You can probably see why implementing a processor, especially a pipelined one, from scratch is a very complex process. Naturally, then, there will be bugs. That's where I came in. My part of the project was building a flexible testing framework that would allow us to ensure that our processor was behaving correctly.

To verify the correctness of our processor, we decided to compare it to a reference implementation and ensure that the two implementations stayed in sync. We ended up using the QEMU emulator as our reference implementation. The overall process ended up looking a bit like this:

  1. The user starts GDB with a specific set of command line arguments.
  2. Based on those command line arguments, GDB loads a Python script, using its embedded Python interpreter.
  3. The python script starts (a custom version of) QEMU and attaches GDB to the emulated processor.
  4. The python script adds some extra commands to GDB, which are displayed to the user.
  5. The user uses one of those commands to start a debugging session.
  6. The python script uses some customized hooks into QEMU to save out the entire state of the QEMU processor.
  7. The python script starts up ModelSim, which is used to simulate our LEG processor, and passes the path to the saved state.
  8. A ModelSim script initializes the LEG processor and loads up the saved state.
  9. In a loop, the python script tells GDB and ModelSim to step through the execution of a program, one instruction at a time. After each instruction, the script checks all of the registers of both implementations to ensure that they match. If not, we have found a bug in our processor!

There are a few complications to this process, however. In particular, running a complex program (such as the Linux kernel boot process) may involve nondeterministic events. Two types of these events are IO accesses and interrupts.

IO accesses occur when the processor attempts to interface with a peripheral, such as a keyboard, mouse, or timer. Since we cannot predict what the state of that peripheral will be, this may break the lockstep and introduce differences in the processor state. To circumvent this, I implemented an "IO shim" for the LEG processor. Whenever the QEMU processor accesses IO, we detect the event and store the address accessed and the value read into a queue. Then, when the LEG processor attempts to access that same address, we simply substitute the value from the queue instead of actually attempting to access a peripheral.

Interrupts occur when some peripheral attempts to send information to the processor.

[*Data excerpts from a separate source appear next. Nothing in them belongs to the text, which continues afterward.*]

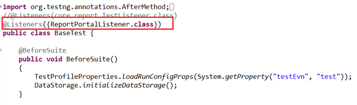 Add ReportPortalListener as test listener in our test class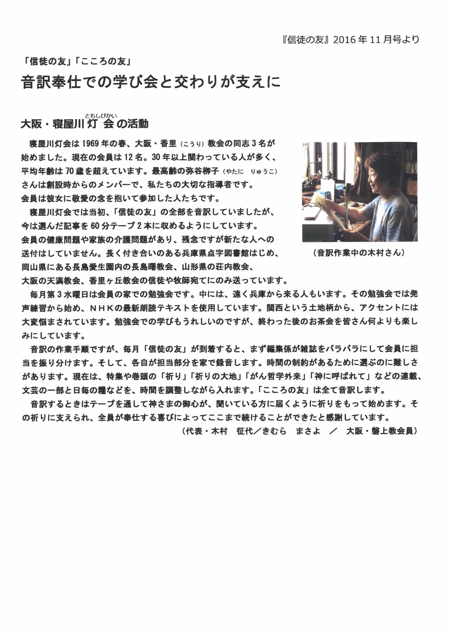 「信徒の友」11月号に磐上教会の姉妹の記事が掲載されました。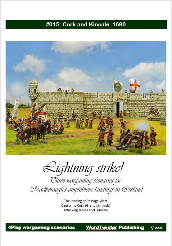 The first game is a traditional 'landing'. A mini, D-Day, Camaret Bay or Iwo Jima. Odd comparisons? Not really. Any amphibious assault is a risk and at Passage West, Marlborough's infantry could not really have known whether the Jacobites would offer stiff resistance before committting to the landing. The Jacobite forces are conjectural but my research has put all of the stated units in Cork around the time of the siege.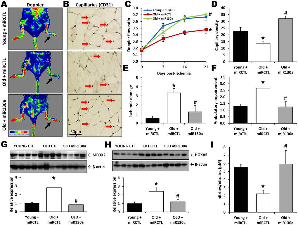 We have previously demonstrated that neovascularization and blood flow recuperation following ischemia are impaired with aging [6]. To study the potential therapeutic effect of miR-130a in vivo, hindlimb ischemia was surgically-induced in old and young mice and blood flow perfusion was assessed by Laser Doppler perfusion imaging (LDPI). As shown on Figure 4A, 4C, blood flow recovery was significantly impaired in old vs. young mice at day 21 after surgery (Doppler flow ratio (DFR) 0.48±0.05 vs. 0.67±0.06; p<0.05). However, old mice treated intramuscularly with a miR-130a mimic demonstrated improvement of blood flow recuperation compared to old mice treated with a scrambled miR mimic control (DFR 0.70±0.02 vs. 0.48±0.05; p<0.05). A similar effect was also observed in microvessels, where aging was associated with a 40% reduction of capillary density whereas intramuscular injection with miR-130a mimic restored vessel densities in the ischemic muscles of old mice (Figure 4B, 4D). Clinically, these effects correlated with reduced ischemic damages (ischemic score 1.25 vs. 3.33, Figure 4E) and improved mobility (ambulatory impairment score 1.25 vs. 2.67, Figure 4F) in old mice treated with miR-130a mimic. miR-130a has previously been shown to directly target and induce post-transcriptional repression of the antiangiogenic homeobox genes MEOX2 (GAX) and HOXA5 [18]. We found that MEOX2 and HOXA5 expression are significantly increased (2.8 fold and 2.4 fold increase, respectively) in the ischemic muscles of old mice compared to young mice. However, treatment of old mice with miR-130a mimic can reduce the expression of these antiangiogenic factors (Figure 4G, 4H). Nitric oxide (NO) is essential for the maintenance of endothelial function and has also been shown to be important for postnatal neovascularization [19]. Here we found that NO bioavailability is reduced by 59% in the blood plasma of old vs. young mice, but that its expression is rescued in old mice that are treated with miR-130a (Figure 4I).

For instance, the processor may ask a timer to notify it after some delay. After that delay occurs, the timer will send an interrupt to the processor, to tell it to stop what it is currently doing and handle the notification. Interrupts are very timing-sensitive, and can trigger at any time.

Furthermore, interrupt handling is made even more complex because of the pipelined nature of the processor. Pipelining prevents the LEG processor from immediately handling an interrupt; it must first finish handling the currently running instructions, and clear its state. QEMU, on the other hand, will trigger the interrupt immediately. This makes it difficult to keep the implementations in sync.

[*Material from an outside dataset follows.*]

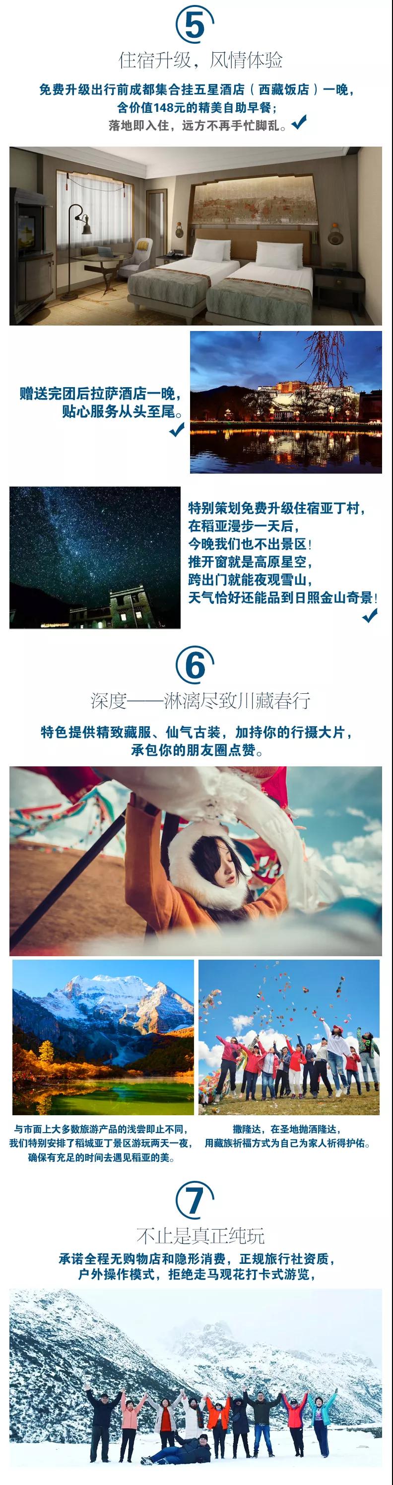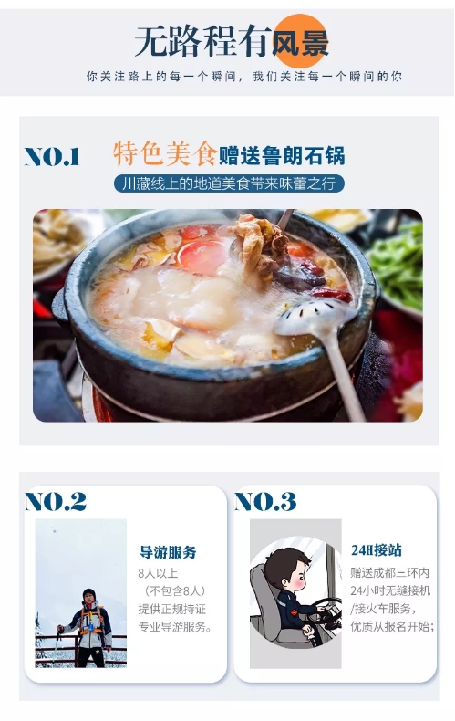 6、贈(zèng)送:贈(zèng)送魯朗石鍋雞,地道川藏美食(另外點(diǎn)菜需游客自行支付);贈(zèng)送戶外禮包旅游三寶、魔術(shù)頭巾、礦泉水;贈(zèng)送提供精致藏服、仙氣古裝,加持你的行攝大片;贈(zèng)送成都24小時(shí)專車接機(jī)接站服務(wù),給你最貼心的旅程。(贈(zèng)送項(xiàng)目不用費(fèi)用不退)

To handle interrupts intelligently, the script starts by disabling interrupt handling in QEMU. Whenever QEMU receives an interrupt, it instead just forwards the interrupt to the LEG processor. The script then waits until the LEG processor actually begins processing the interrupt. At that point, interrupts are re-enabled in QEMU, and both processors perform the interrupt in sync.

Here's a diagram of how the two processor implementations and the testing framework interact:

Leg Testing Overview

For more details, you can read the paper (although you may need an IEEE subscription to see it). Soon, the actual processor details should also become available for viewing, but it doesn't appear to be up yet.

In somewhat related news, I've written a paper describing my work with polyphonic music modeling, and am currently attempting to get it published. Hopefully relatively soon I'll be able to say I have two different publications!